- Opening Delimiter -

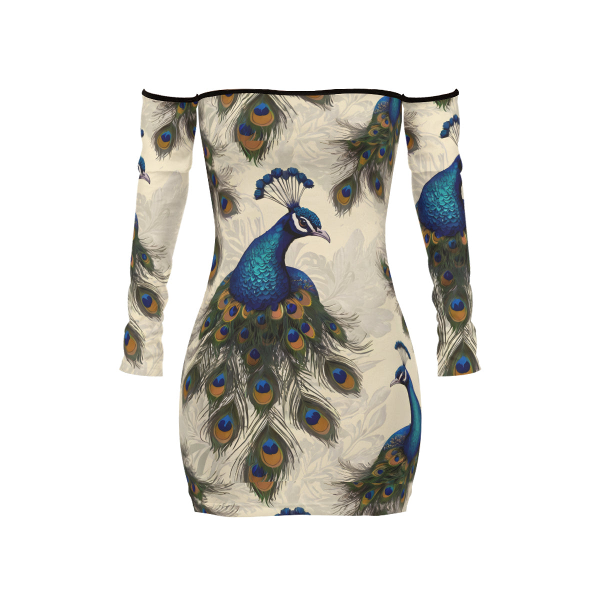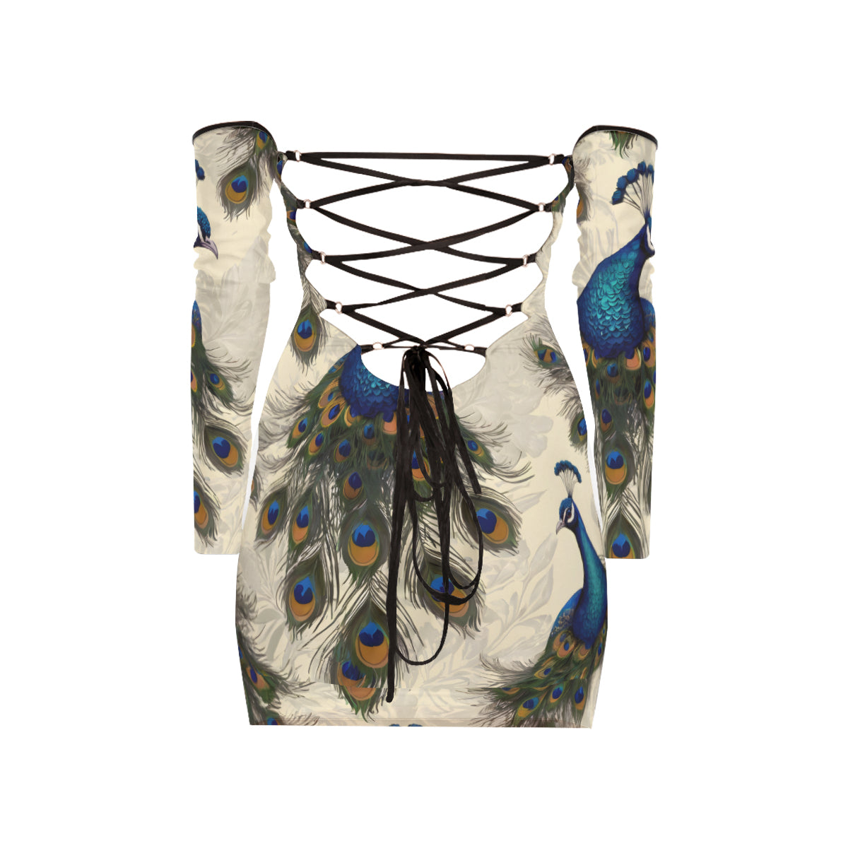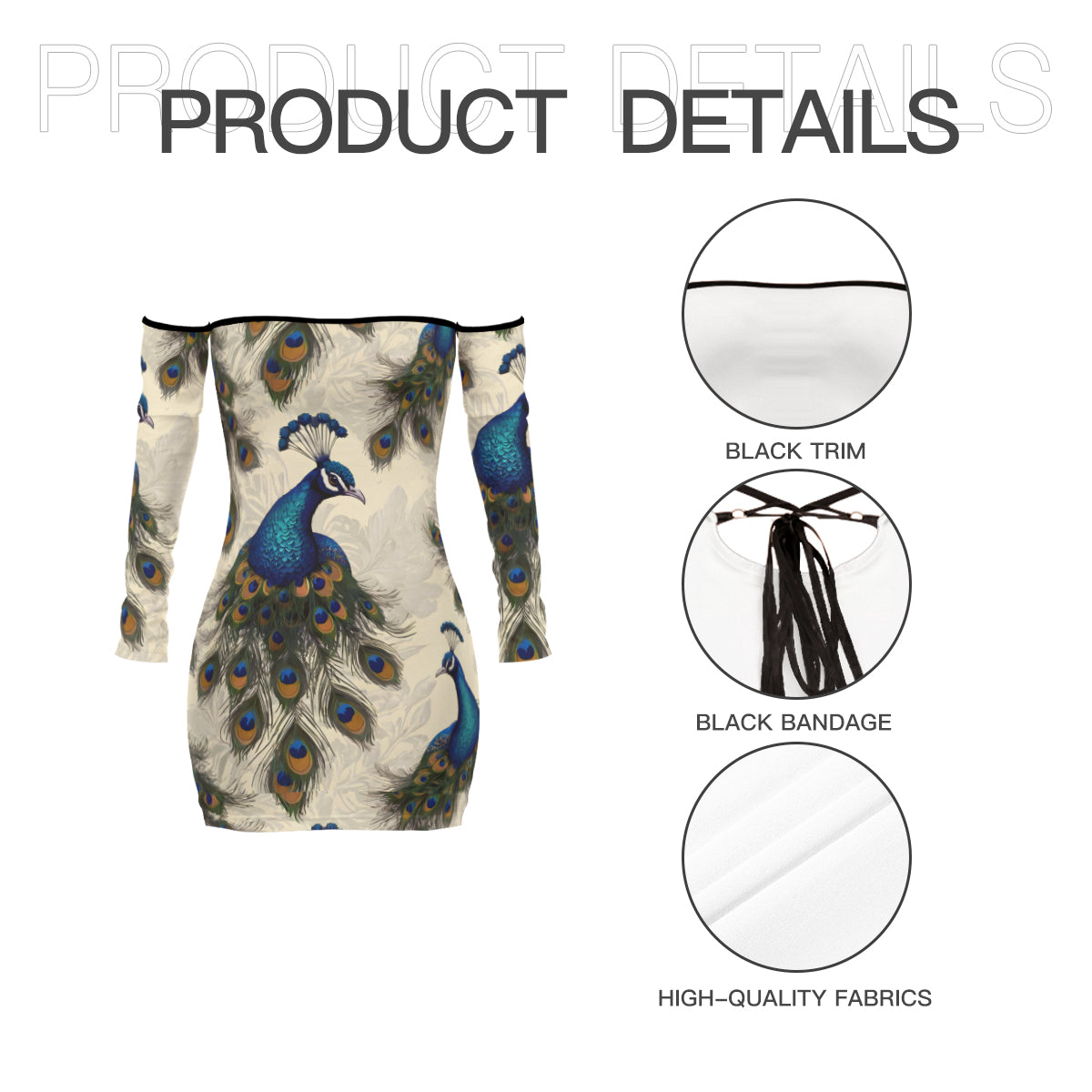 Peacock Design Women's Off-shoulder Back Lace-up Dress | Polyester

- Closing Delimiter -
- Opening Delimiter -

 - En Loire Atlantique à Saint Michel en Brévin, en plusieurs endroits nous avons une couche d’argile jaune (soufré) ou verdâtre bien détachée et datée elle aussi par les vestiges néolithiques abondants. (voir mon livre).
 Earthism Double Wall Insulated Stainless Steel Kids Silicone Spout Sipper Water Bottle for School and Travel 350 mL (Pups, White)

- Closing Delimiter -

After locating the line holding "- En Loire Atlantique" above, output exactly that line and every line after it through the line holding "Earthism Double Wall". Include nothing else.

FINISHED EXERCISE
 - En Loire Atlantique à Saint Michel en Brévin, en plusieurs endroits nous avons une couche d’argile jaune (soufré) ou verdâtre bien détachée et datée elle aussi par les vestiges néolithiques abondants. (voir mon livre).
 Earthism Double Wall Insulated Stainless Steel Kids Silicone Spout Sipper Water Bottle for School and Travel 350 mL (Pups, White)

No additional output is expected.